_Data to use_
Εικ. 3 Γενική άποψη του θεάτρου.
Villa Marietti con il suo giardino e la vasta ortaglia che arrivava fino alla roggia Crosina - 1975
==
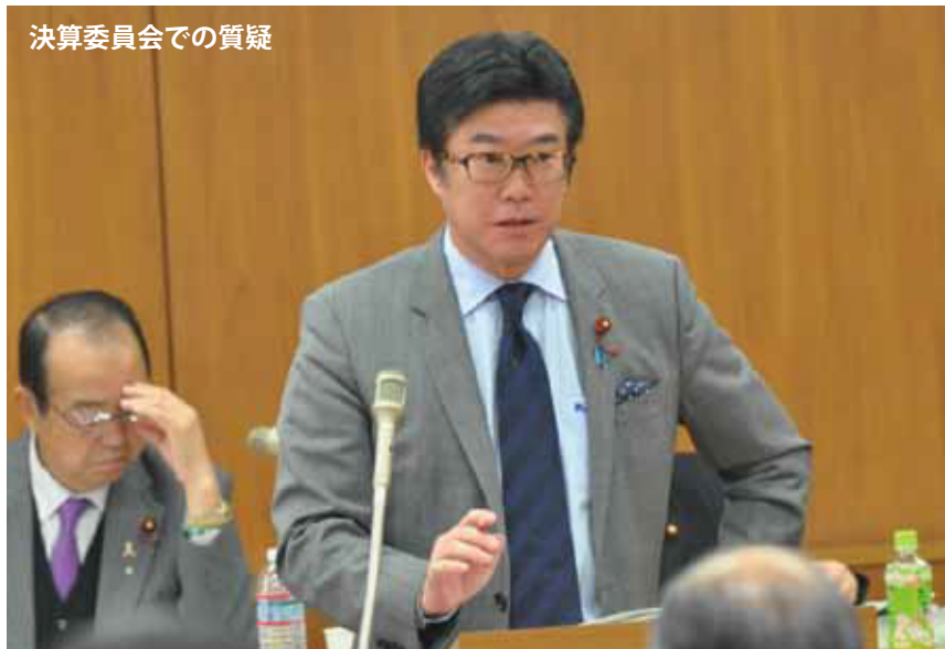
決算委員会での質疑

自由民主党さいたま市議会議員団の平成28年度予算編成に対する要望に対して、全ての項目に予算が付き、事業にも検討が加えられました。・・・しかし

_Exercise objective_
Quote the data above from the line containing "Εικ. 3 Γενική άποψη του θεάτρου." to the line containing "Villa Marietti con", inclusive, and stop.

_Reply to the task_
Εικ. 3 Γενική άποψη του θεάτρου.
Villa Marietti con il suo giardino e la vasta ortaglia che arrivava fino alla roggia Crosina - 1975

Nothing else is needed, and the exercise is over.